Stereotypes and sports

THE GAME OF MY LIFE - Bill Velasco - The Philippine Star

Older people are slower, more frail, and can’t keep up with those born of succeeding generations. They are more loyal and prefer to stay in the working environment longer. They are sticklers for the rules and prefer more structured, linear leadership. It is harder for them to be convinced to change.

Younger people have unrealistic expectations, are better at adapting to technology, and like to bend the rules to get things done. They abhor criticism and insist on being praised. They are also self-centered, and would leave a job wherein they are treated well if they are offered better pay and more perks. And, at the bottom of it all, they are self-centered, and narcissistic.

Even if you have doubts in your mind about some of the statements above, you would tend to accept them as fact. In actuality, all of these are stereotypes which limit us in our perception of others. Simply put, a stereotype is the human tendency to judge an individual based on a generalization about the group to which that person may belong. In some cases, we have preconceived notions about somebody based on their age, gender, even the province where they’re from. A lot of our biases are based on experiences we didn’t even have, but impressions that were passed down to us by others.

In team dynamics, these perceptions can be quite damaging. One of the reasons why sports teams become successful is that they are able to overcome their pre-conceived notions of how success is achieved. John Wooden’s coaching philosophy and supposedly conservative beliefs made UCLA an exemplar of college basketball. Tex Winter’s design and Phil Jackson’s execution of the triple-post offense redefined basketball around the world, even if many superstar basketball players initially resisted sharing the ball. Billy Beane’s philosophy about focusing primarily on hits by his players changed baseball, and was used by Boston Red Sox to break a generations-long drought. The “Fosbury flop” literally caused high jumpers to reverse their thinking about how to make their approach to a jump. Prior to his Olympic gold medal triumph in 1968, American athlete Dick Fosbury was laughed at for jumping over the bar face up. Nobody believed it was a better alternative to the known practice of jumping face down.

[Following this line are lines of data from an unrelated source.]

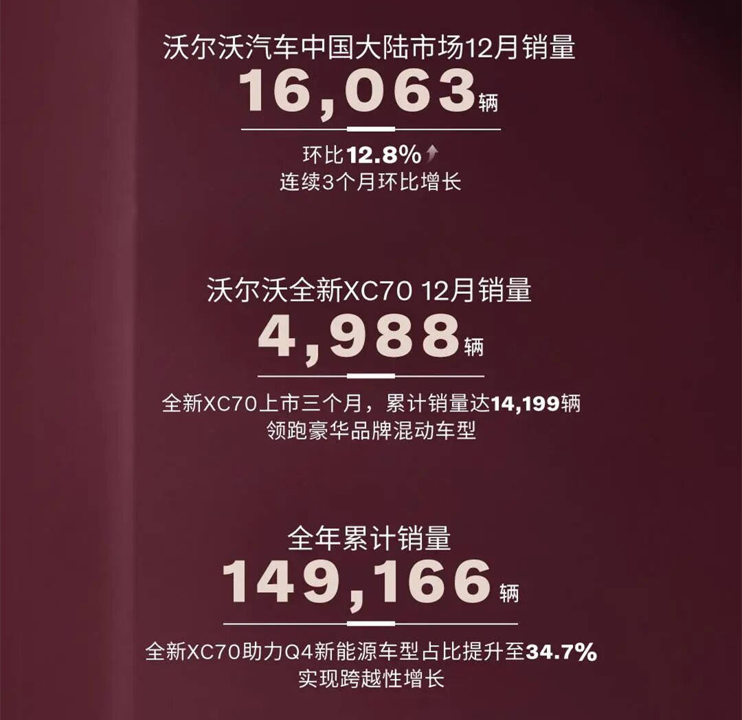 XC70上市三个月累计销量破1.3万辆,12月卖出4988辆;XC60稳坐二线豪华中型SUV头部位置,两者形成混动+燃油的组合,不仅没出现内耗,反而共同撑起了品牌销量。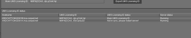 Devices are not able to register in the UMS. Licenses are applied correctly. 2 servers appear in sync and another one is out of sync.
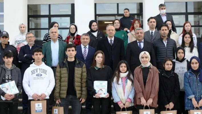 Konuşmaların ardından Kaymakam Kubilay, Başkan Şayir, İlçe Milli Eğitim Müdürü Balay ve beraberindekiler okul son sınıf öğrencilerine kitaplarını takdim etti.

Having stereotypes, particularly about individuals on the same team, cripples the whole unit. There is a gradual decay of a few individuals’ capabilities, until eventually the entire team starts to weaken. Research shows that among its negative effects are weakened relationships, poor collaboration, increased tension, loss of productivity, damage to confidence and self-esteem, and reduced engagement. In fact, one study even shows that a person’s memory can be damaged by believing in stereotypes about himself. Though the research was originally designed for the work environment, the data applies to teams of all kinds.

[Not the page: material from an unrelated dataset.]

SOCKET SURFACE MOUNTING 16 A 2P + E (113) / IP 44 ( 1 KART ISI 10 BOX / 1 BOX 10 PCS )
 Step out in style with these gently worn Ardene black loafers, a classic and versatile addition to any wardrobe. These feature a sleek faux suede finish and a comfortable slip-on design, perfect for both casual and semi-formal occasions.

In new research explained by sales expert Daniel Pink, there are universal needs that all people share, whether or not they are the same age or demographic. Finding this commonality is a basic tool of coaches (on and off the playing court) in building teamwork. The first need is to feel competent or good at something. Initially, this may mean one particular skill that brings value to the team, but may eventually be expanded to a whole list of talents.

The second universal need is a sense of belonging. In previous eras, players were more likely to stay with one team, city or coach because a sense of belonging was fostered. In the record-setting run of the Boston Celtics from the late 1950’s to the 1960’s, other teams were constantly trying to poach their second unit, without success. Red Auerbach had created an atmosphere of belonging, of shared pride in being a Celtic, and an established system of succession. Even players who were traded away during those times rarely bore any ill will towards the Celts.

The third need was the need for autonomy, of being independent within the team concept. This was prevalent in many successful professional football, baseball and basketball teams in both the US and the Philippines. At the time, coaches would be more inclined to give general instructions, and let their players run on their instincts and experience. Of course, times change, but players still feel untrusted and slightly overwhelmed when every move they make has to be done by the book.

Now, going back to those age stereotypes at the beginning of this piece. The fact of the matter is that that data was based on very limited sampling. A sample from research done by the University of Kentucky says that “Much prior generational research is based on samples limited to college-bound adolescents, college students or white-collar workers...claims of generational differences have been limited by sample selection and other factors, leaving broad judgments about entire generations, open to skepticism and criticism.

For example, when the original standards for IQ were determined, the samples were from very skewed sectors, and appeared to make non-Americans seem less intelligent than Americans. The terms used (in order of descending intelligence) were “normal”, “moron”, “idiot” and “imbecile”. It appeared that everybody else fell into the lower three categories. This was greatly disproved beginning in the 1960’s, as more and more Asian students gained entry into prestigious American universities and dominated scholastic achievements.

What the latest information shows is that there is no difference in work ethic or any other important barometer of performance based on age. Performance and desire are still among the undeniable indicators of potential and success. Age is just another stereotype that we can throw out the window.